L’intervento di apertura non lascia spazio a equivoci né fraintendimenti: è una difesa forte e accorata del Csm, soprattutto dalle critiche e dagli attacchi degli altri poteri dello stato. Uno in particolare: l’esecutivo, che da settimane cannoneggia il Consiglio come epicentro del disastro di una magistratura da riformare con la legge costituzionale targata Nordio.

Il clima

Del resto, il clima è quello avvelenato in cui questi giorni molte voci hanno dato spettacolo: la battaglia referendaria impazza e il Csm è nell’occhio del ciclone, tacciato da niente di meno che il ministro della Giustizia di essere istituzione «para-mafiosa» (poco conta che in passato lo abbia detto il pm Nino Di Matteo, quando si pronuncia una frase poi la responsabilità è propria) con una sezione disciplinare che è «camera di compensazione» degli appetiti correntizi. Tutto, mentre al ministero della Giustizia già sono pronte le bozze dei decreti attuativi della riforma che smantellerà completamente l’organo per come oggi è conosciuto.

Non solo: nei giorni scorsi le parole del pm Nicola Gratteri hanno acceso la miccia anche dentro il plenum del Csm stesso, attraversato dalle divisioni tipiche di una campagne elettorale che però sono state esplicitate in due distinte iniziative: una dura lettera di 20 consiglieri a difesa del procuratore capo di Napoli, contro la richiesta di una apertura di pratica disciplinare e professionale a suo carico da parte di un consigliere laico di centrodestra e la richiesta di una presa di distanza del Csm dalle sue parole di altre due consigliere della stessa area.

Ecco che allora si spiega la presenza del Quirinale, che nei momenti di massima tensione interviene sempre, a tutela non tanto di questo specifico Csm ma del Csm come istituzione che governa la vita di un ordine nevralgico come quello giudiziario.

L’intervento di Mattarella è un mondo plastico per ristabilire l’ordine ma anche per restituire il senso dell’autorità di un organo di rilevanza costituzionale, che non può e non deve essere preda degli opposti sentimenti politici del momento: lo fece in passato presiedendo la seduta straordinaria dopo lo scandalo Palamara, per esempio.

I precedenti

La mossa – eloquente – del capo dello Stato affonda nei noti precedenti dei suoi predecessori Sandro Pertini e Carlo Azeglio Ciampi: entrambi decisero di presiedere le sedute nei momenti di massima tensione politica tra governo e Consiglio. Il primo nel 1981, quando convocò e presiedette un plenum straordinario nel mezzo scandalo P2 durante il cosiddetto “scandalo dei cappuccini”, in cui alcuni membri del Csm furono indagati dalla procura di Roma per peculato per aver consumato caffè e cappuccini a spese dell'ente. 

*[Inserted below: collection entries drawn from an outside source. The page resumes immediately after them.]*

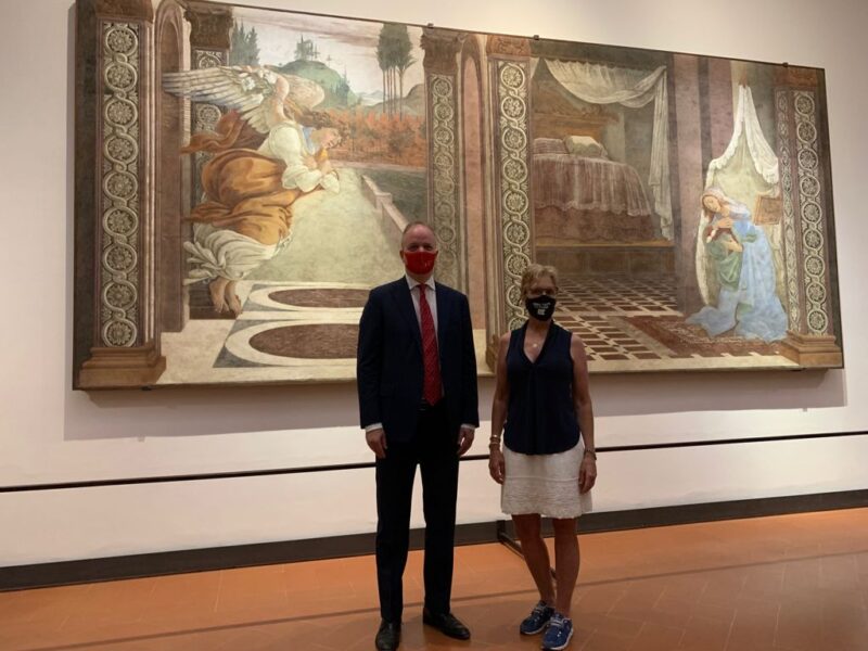 Molto interessata alla dimensione spirituale dell’arte, nel corso della visita si è soffermata molto sulle opere religiose di Botticelli: tra esse, soprattutto la Madonna della Melagrana, la Madonna del Magnificat e l’affresco dell’Annunciazione di San Martino, dove ha scattato la foto di rito con il direttore.
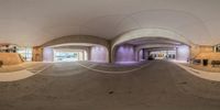 Indoor skatepark in Houston, Texas. Purple interior design accents the concrete surfaces and flooring. Column-lined arches create an architectural profile. Ramp extends from the front to the back, perfect for skateboarders.
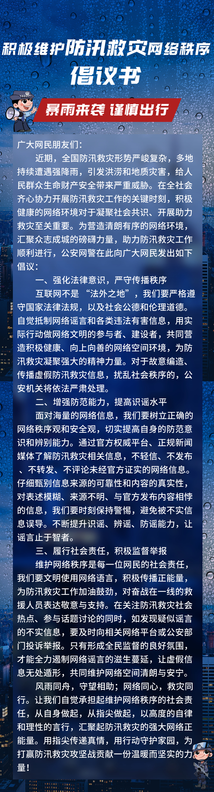 风雨同舟、守望相助!网警发布积极维护防汛救灾网络秩序倡议书
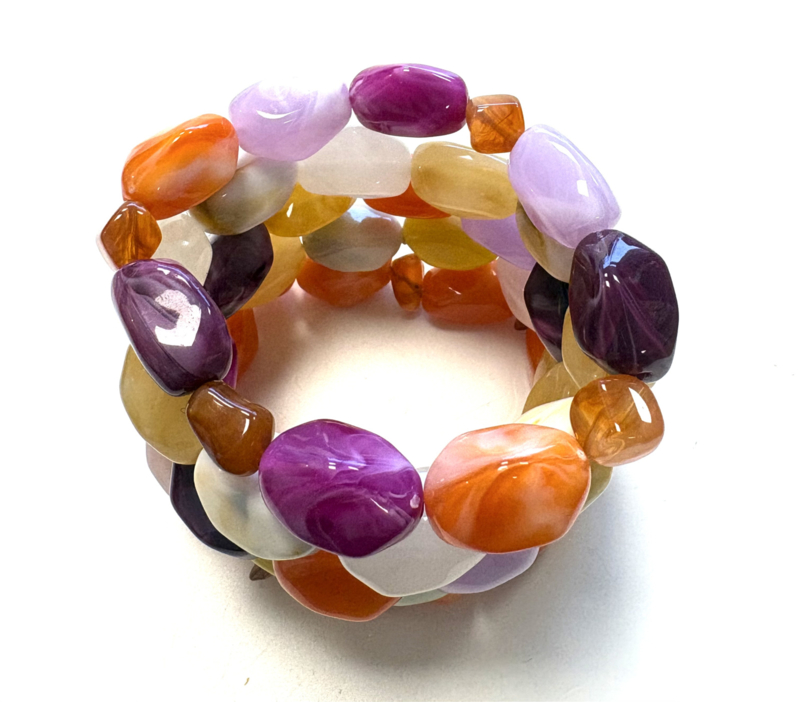 Armband grote acryl kralen oranje/geel/paars
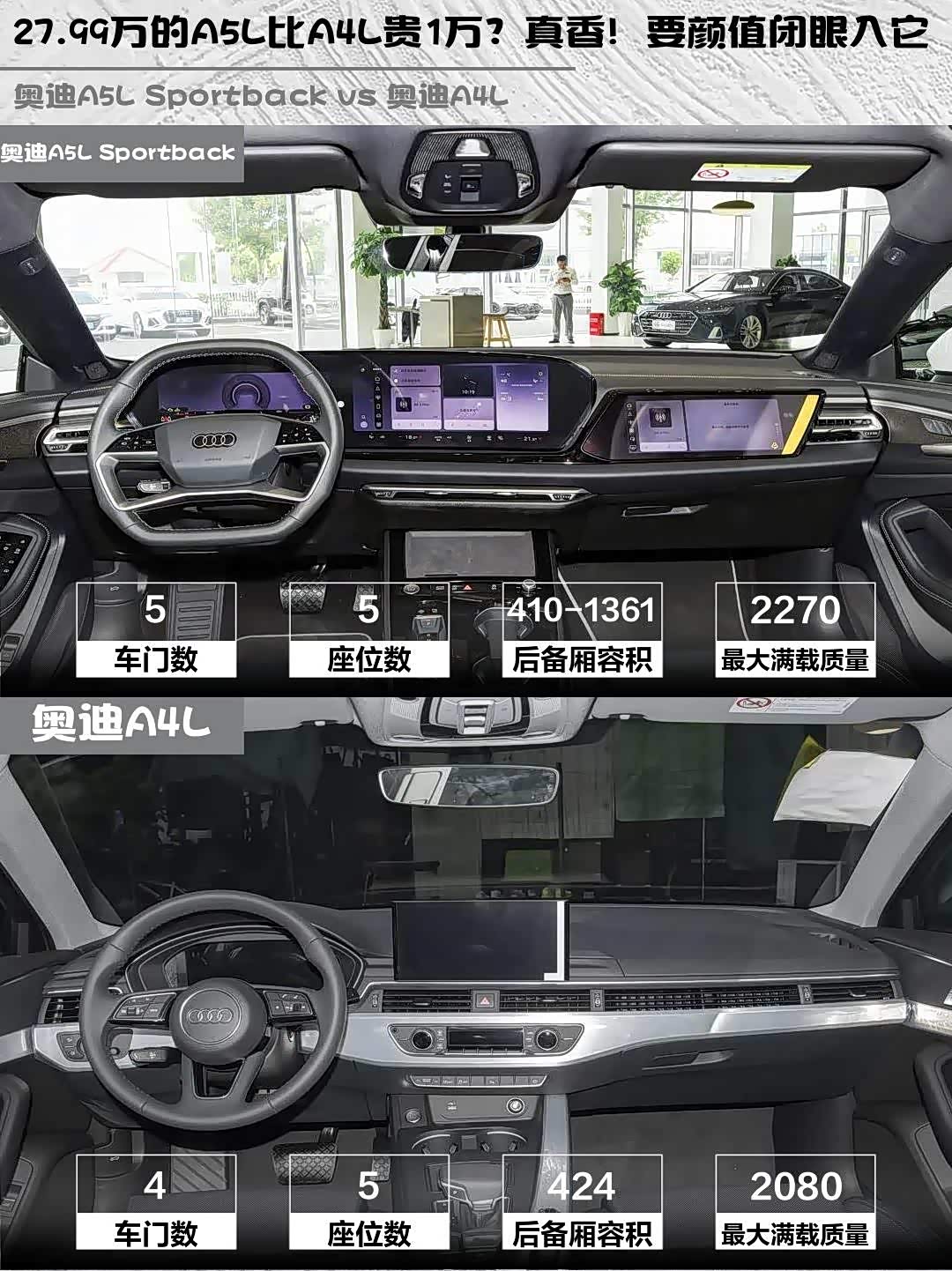 A5L豪华型27.99万比A4L悦享版28.98万还便宜近1万,但配置反而多了矩阵大灯、座椅通风等豪华配置。不过A4L现在终端优惠更大,落地价可能更香。
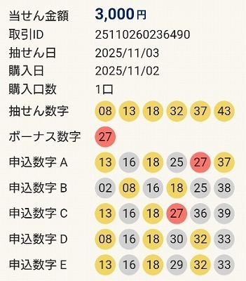 これらの数字のパターン組み合わせでかってみたら・・・6個中4個も当たってた(@_@;)
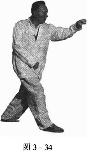 1 .由三体势,左手循内弧线下落,右拳向前、向上栽出 (图 3-33)。2 .右手循内弧线下落,左足由顺足向前进半步,变成外横b国术丛书嫉龙文理荻步7足;左拳向前、向上栽出;同时,右足向前进一步(图3-34)。 如此一左一右地练习即可。要,领①拗步单马形,其劲力发出时应主于腰部,实主宰于龟尾;②右拳向前栽出时,左手要有向下、向左领捋之意;左拳向 前栽出时,右手要有向下、向右领捋之意。用法与上节相同。回身法与钻拳相同,请参阅。
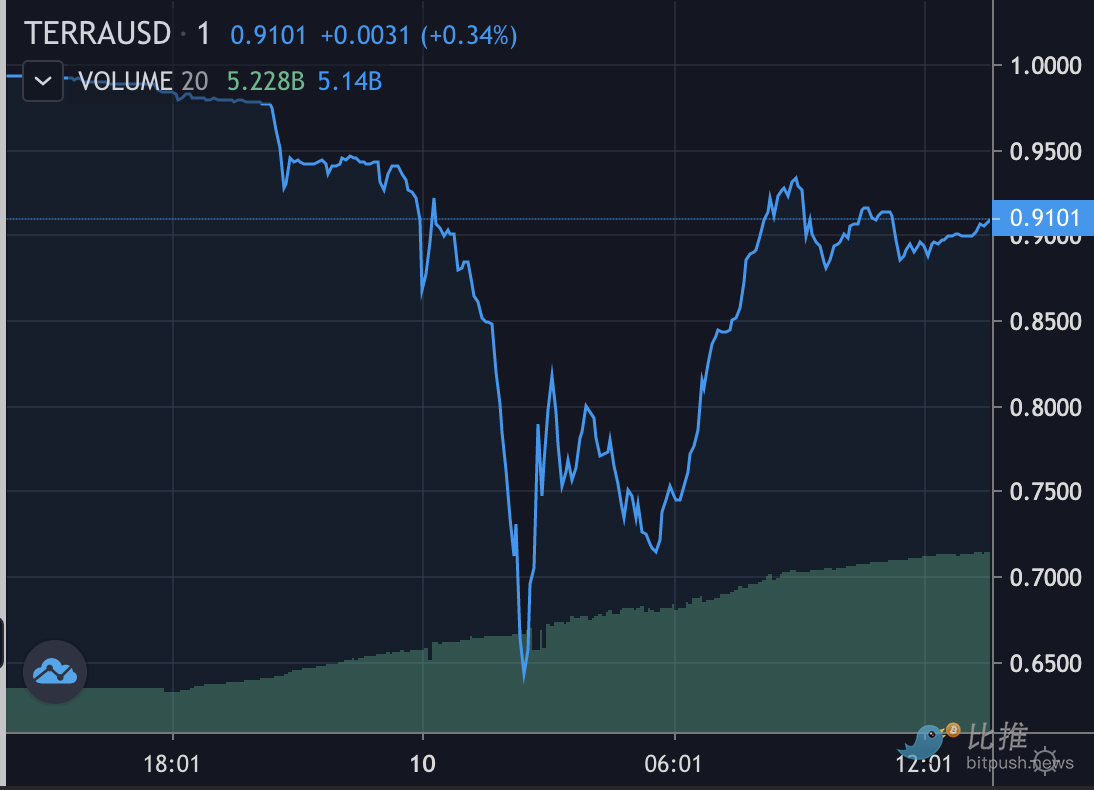 根据目前比推终端实时信息,UST 的交易价格在有所回升,达到 0.9 美元左右。来自 LFG 的比特币是否足以重新建立1美元的挂钩以及后续的稳定性,或者还是需要来自风险投资公司和其他投资者的更多资金来可能拯救该币,这一切都不得而知。
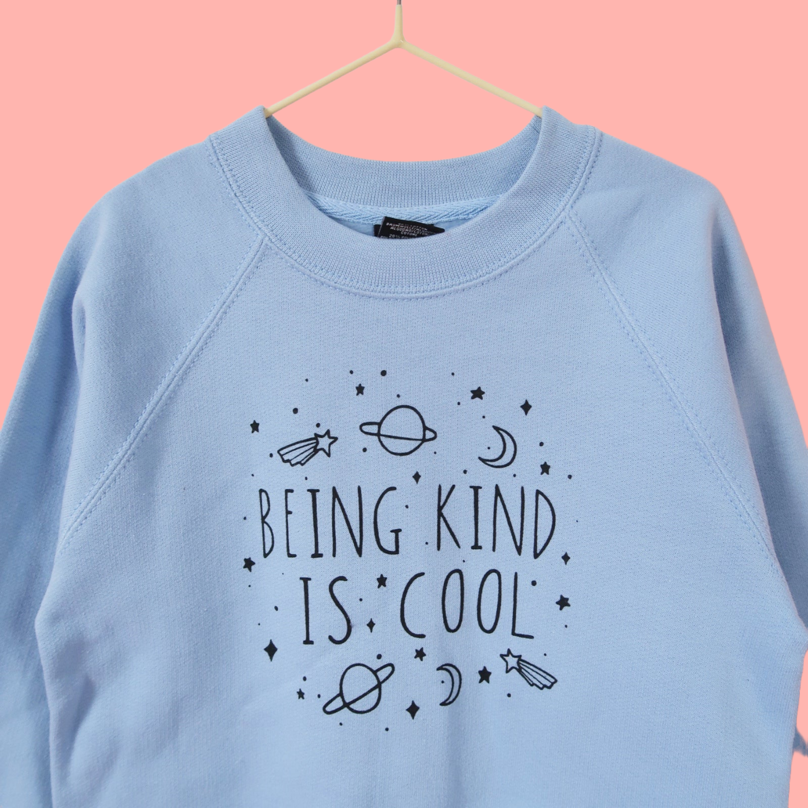 This cosy light blue kids pullover sweatshirt features my Being Kind Is Cool cosmic design on the chest, with raglan style sleeves.
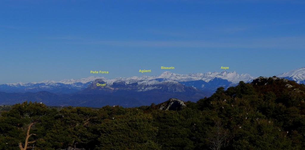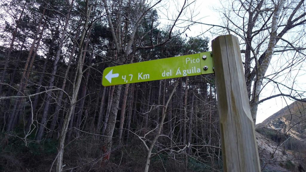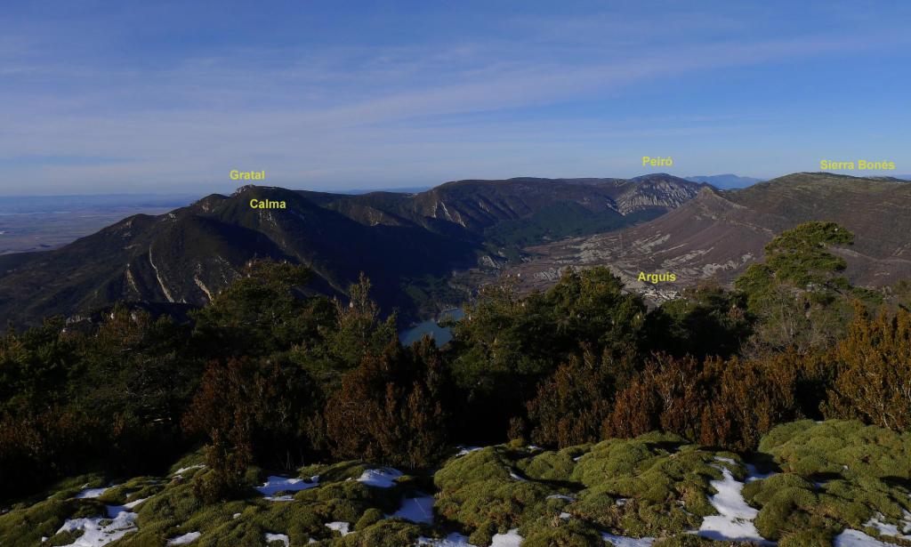 La Sierra del Águila, entre los embalses de Arguis y de Belsué, es una más del complejo sistema de sierras exteriores que separan Huesca del Pirineo. Su espolón sur, el pico del Águila, sirve de asentamiento de antenas de comunicaciones. Se accede por una carretera estrecha desde el viejo túnel de Monrepós, pero desde el embalse de Arguis hay una agradable senda de subida. Sin haberlo preparado hoy completo una travesía circular regresando precisamente por el viejo túnel.
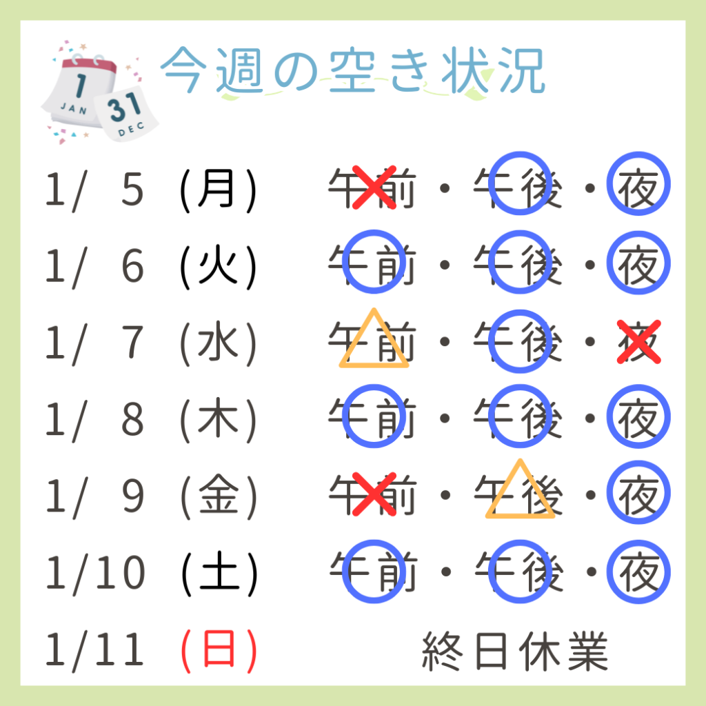 今週1/5(月)〜1/11(日)の予約の現時点の空き状況になります🗓️
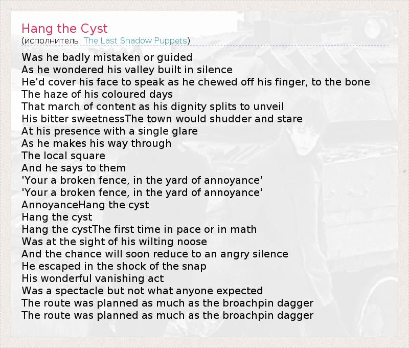 А как ты думаешь, о чем песня "Hang the Cyst" ?
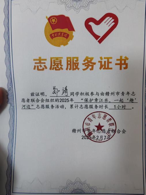 “时代在召唤担当,民族的振兴寄望于青年的肩头。”在这个寒假,郑靖积极响应时代的号召,投身于江西省赣州市章贡区黄金广场举办的“河小青”活动,致力于家乡水域的保护事业,身体力行地践行着青年的责任与使命。
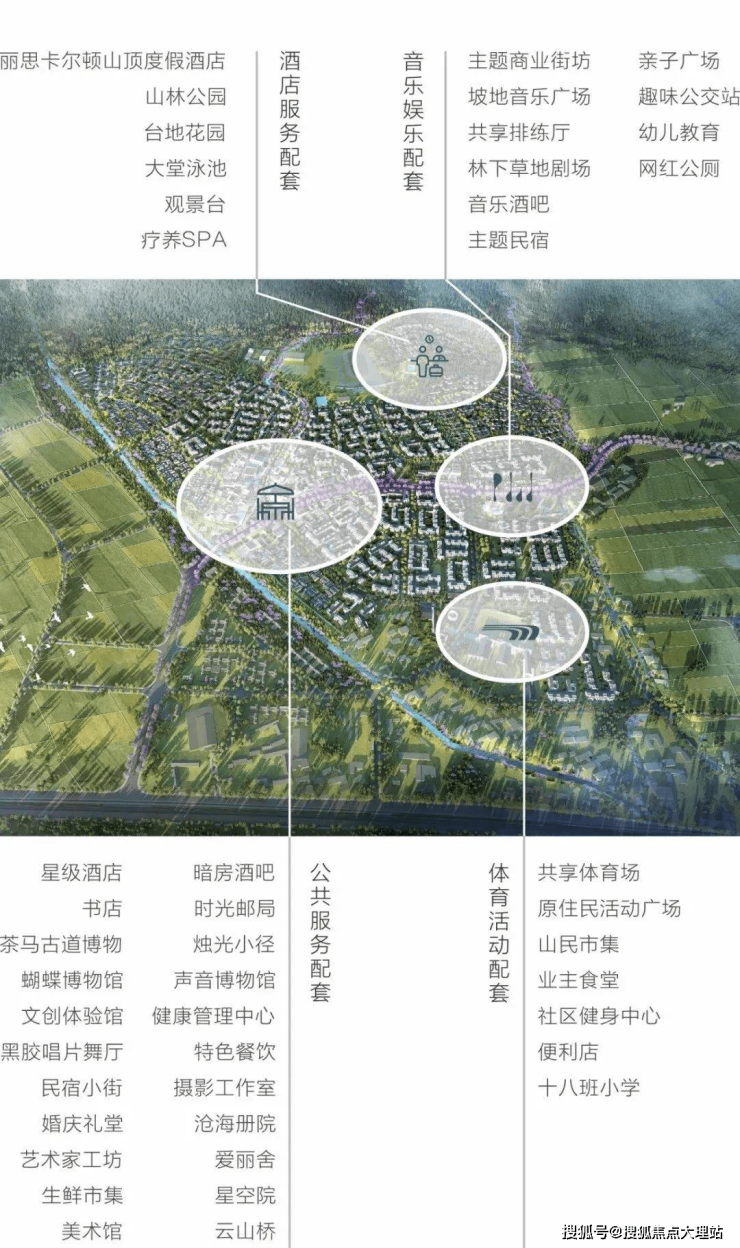 项目先期供地1300亩用地,总投资约为40亿,规划建设丽思卡尔顿酒店、威斯汀酒店、健康管理中心、白族文创艺术街区、艺术展示中心、演艺中心、滇西美食中心、星级影院、白族民宿商业街、苍山集市、艺文中心、轻食餐厅、暗房酒吧、艺术工坊、亲子乐园、星空墅、爱丽舍、梦工厂等,建设期为2020年至2025年。
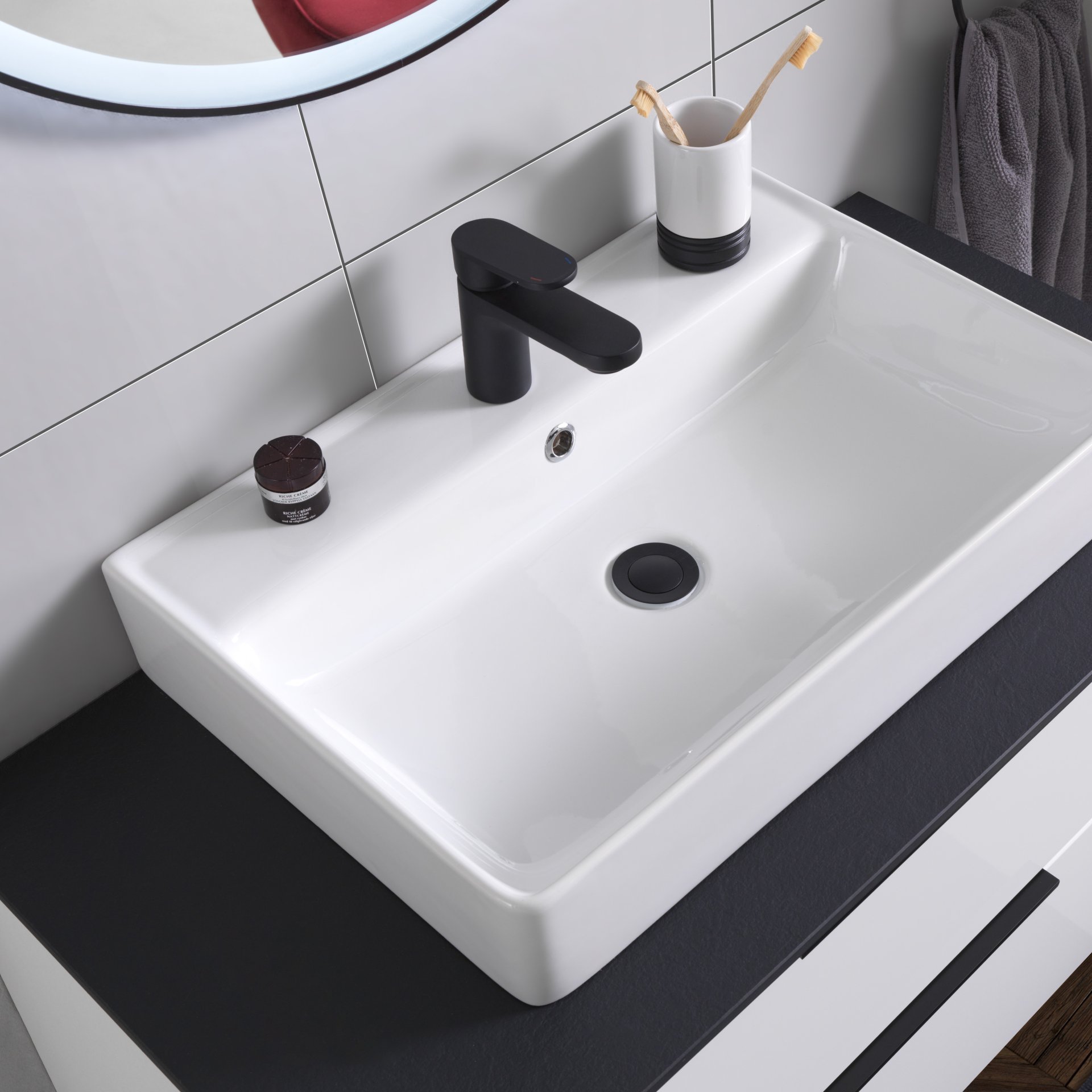 Wie wäre es, wenn Dein neues Bad Design, Stil und eine Prise Eleganz miteinander vereint? Dann ist das 2teilige Badzimmermöbel Set aus der Serie FLAIR von Fackelmann genau die richtige Wahl für Dich. Die Kombination aus Weiß/Schwarz und einer feinen Dekorkante in Anthrazit verleiht dem Badmöbel einen modernen, grafisch anmutenden Look. Auf dem 100 cm breiten Waschtischunterschrank befindet eine hochwertige Waschtischplatte in schwarzer Schieferstruktur. Sie zeichnet sich durch die angenehme, natürliche Haptik aus, ist kratzfest, hygienisch und optimal für Feuchträume geeignet. Die Waschtischplatte bietet Dir individuelle Freiräume für Aufsatzwaschbecken in unterschiedlichen Farben und Formen. Zwei Schubladen mit praktischer Soft-Close Funktion bieten reichlich Stauraum für Badaccessoires und all die anderen Dinge für Dein tägliches Pflegeritual. Das FACKELMANN FLAIR Waschbeckenunterschrank 101 cm breit, Weiß/Anthrazit Waschtischplatte Schwarz Schieferstruktur wird vormontiert geliefert und ist damit schnell in Deinem Badezimmer integriert. Badmöbel von Fackelmann werden mit viel Liebe zum Detail in Deutschland hergestellt und zeichnen sich durch ihre bewährte Qualität aus.

il secondo nel marzo del 2005, dopo l’approvazione della riforma Castelli che era duramente osteggiata dalla magistratura.

Il gesto di oggi del Quirinale ha un chiaro scopo: ripristinare l’ordine, tutelare l’istituzione e richiamare tutti, silenziosamente, al rigoroso rispetto del proprio ruolo con i relativi obblighi e responsabilità.

La mossa, inattesa, è un altolà chiaro alla deriva di modi, toni e parole di questi ultimi giorni, e viene dall’ultimo vero baluardo in cui tutto il paese si riconosce. La speranza è che il messaggio sia recepito da tutti.